I haven't played enough other games to know if there's another system that somehow accounts for solving bad dice rolls.
There are some. I was reading Worlds Without Number recently, and that has a rule it calls "shock damage" where missed melee attacks still do minimal damage, and fighters have an option to turn a miss into a hit. Savage Worlds loves giving players re-rolls, which combines with the general high chance to hit wildcards have to make long strings of misses rare.

Though in my experience 5e combat rarely goes on for more than a few rounds anyway, and I can't think of a time a single combat hit half a dozen rounds. I still think the problem is the time it takes to go around the table, not the amount of turns.
 
I think the issue isn't the health pools per se because ideally the HP of everyone is kind of climbing commiserate to damage output capability (this relies on the DM knowing what he's doing though and balancing the encounters). Sure the enemies have more health but now your rogue is doing hilarious sneak attack damage, the fireball is being cast and doing like 100 damage spread out across all those idiots that stayed too close etc. The problem in my opinion is when you have turn after turn go by where players and monsters keeping whiffing on attacks and PCs somehow forget what their capabilities are in-between rounds and all those moments of dithering add up but I haven't played enough other games to know if there's another system that somehow accounts for solving bad dice rolls.

I do like the DM calling a fight early if it's clear the PCs have or are going to win and the rest of it is doing clean-up.

OS games (and many games that claim an OSR label) attempt to achieve their balance via raw probability. There is odds the dice give you better results, worse results, or about as good of a result and you expected, and what that one roll of the dice says happens, happens. Sometimes its wildly good, somethings its unexpectedly bad. Don't like it? Shouldn't have touched the dice, shouldn't have played the game.

Modern games - especially D&D 4e/5e - attempt to achieve their balance via complexity and probability manipulation. And this is where the huge HP tanks come in. The idea is that a critical hit from the monsters is big set back for the party - but you need to factor in if a non-critical hit was a big or little one, the cumulative effect, and factor all that in, and you're left with a huge HP tank.

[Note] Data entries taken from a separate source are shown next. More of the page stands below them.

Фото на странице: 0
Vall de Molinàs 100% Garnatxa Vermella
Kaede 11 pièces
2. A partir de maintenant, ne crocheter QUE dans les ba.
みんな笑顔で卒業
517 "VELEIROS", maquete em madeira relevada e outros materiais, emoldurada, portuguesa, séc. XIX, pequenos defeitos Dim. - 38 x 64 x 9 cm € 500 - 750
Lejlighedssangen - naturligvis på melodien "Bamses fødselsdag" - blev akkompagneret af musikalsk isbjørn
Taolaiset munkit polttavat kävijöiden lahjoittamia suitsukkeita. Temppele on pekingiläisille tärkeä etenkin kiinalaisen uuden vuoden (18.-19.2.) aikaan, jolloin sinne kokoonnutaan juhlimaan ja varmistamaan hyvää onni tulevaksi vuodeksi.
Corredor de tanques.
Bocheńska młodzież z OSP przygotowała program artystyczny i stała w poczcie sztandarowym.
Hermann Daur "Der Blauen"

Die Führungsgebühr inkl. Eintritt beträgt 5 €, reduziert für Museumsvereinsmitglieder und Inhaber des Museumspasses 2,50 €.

(I'm not talking about 3.5 because while its got some of the sins of 4e/5e w/r/t this, they are much, much less and has easier, more accessible methods for GMs to manipulate the numbers to do what they want. Also I should add while I talk up OSR, I acknowledge that in general I prefer probability manipulation systems - giving everyone levers to pull generally makes the game more fun. And it sort of sucks when it all comes down to a single dice roll, and it fucks you. The problem is systems usually go to far, and you end up with combats that are three hours long because everything is TOO balanced.)

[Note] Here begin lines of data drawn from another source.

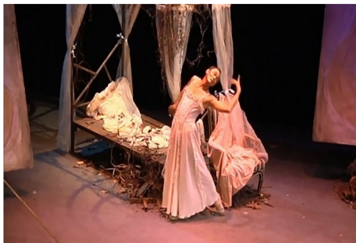
ภาพที่ 4 เครื่องแต่งกายชุดนอนสีขาวระบายลูกไม้

ชุดนอนสีขาวระบายลูกไม้ มีลักษณะเป็นชุดกระโปรงสีขาว ยาวคลุมขา ประดับตกแต่งด้วยผ้าลูกไม้ และไล่ลงมาเป็นแถวจากอกถึงชายกระโปรง ซึ่งจากรูปแบบและสีของชุด สื่อถึงหญิงสาวที่บริสุทธิ์ถึงดงาม อ่อนโยนและไร้เดียงสา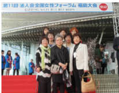
メイン会場(ビッグパレットふくしま)

平成 28 年 4 月 14 日 (木) ビッグパレットふくしまにて、全国より 1,600 名が参加して盛会に行われました。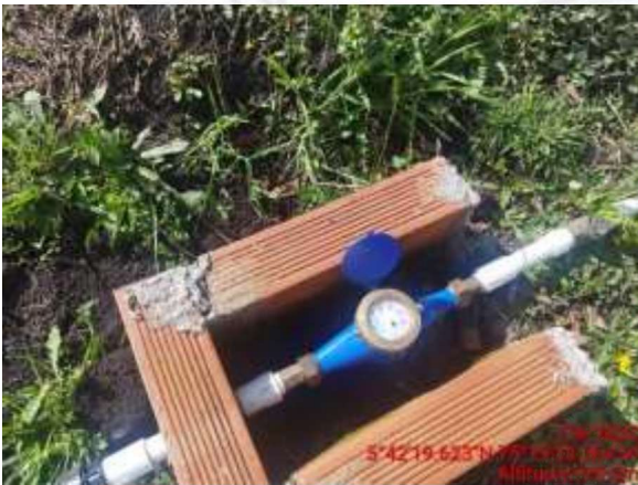
Micromedidor del predio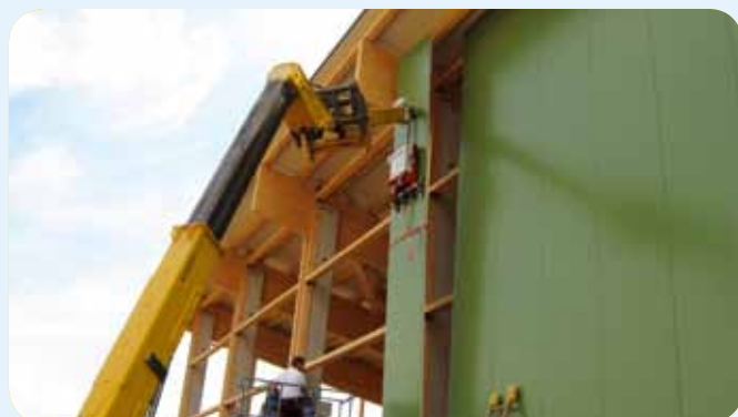
montage de bardage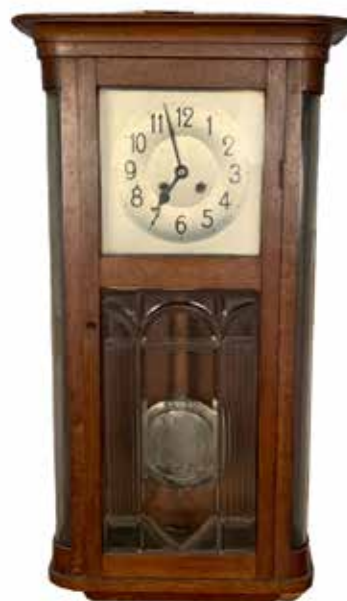
138 PENDOLA DA PARETE Rovere. Sicilia Prezzo base d'asta € 100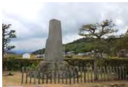
岡田久次郎顕彰碑

現在も毎年、久次郎の業績を称え亀越池土地改良区の人たちにより法会を行い、その功績を語り継いでいます。

I do like the DM calling a fight early if it's clear the PCs have or are going to win and the rest of it is doing clean-up.

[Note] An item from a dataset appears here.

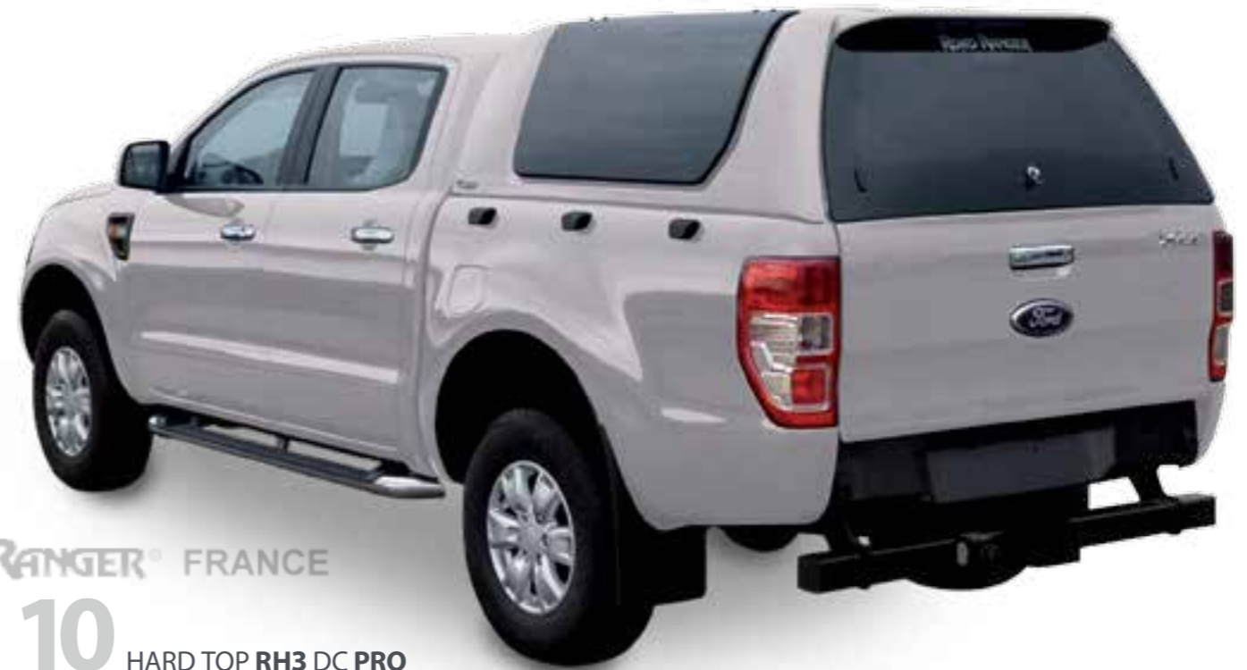
10 HARD TOP RH3 DC PRO

Sprintline IMPORTATEUR ROAD RANGER® FRANCE

I take a look at what is going on, and how important the battle is. If all the big hitters are down, and its a battle the players are going to be able to take a long rest after, I just ask "You guys going to take a long rest after this, right? Alright, you win... this guy and this guy got away, but the rest are dead."
If its in the middle of a dungeon where the damage to the party might actually change how ragged they are at final boss... when its down to just a couple annoying enemies I'll usually say "Alright, you guys are going win. If you want to wrap this up, this guy is probably going to last two more turns, his guy three. If you're willing to just let them hand out 5 attacks, we can wrap this up and end it."

Which is one of the other things I hate about Munchkins: the only players I've had reject this offer were munchkins, so we spend another hour going around the table because they think they can beat the market.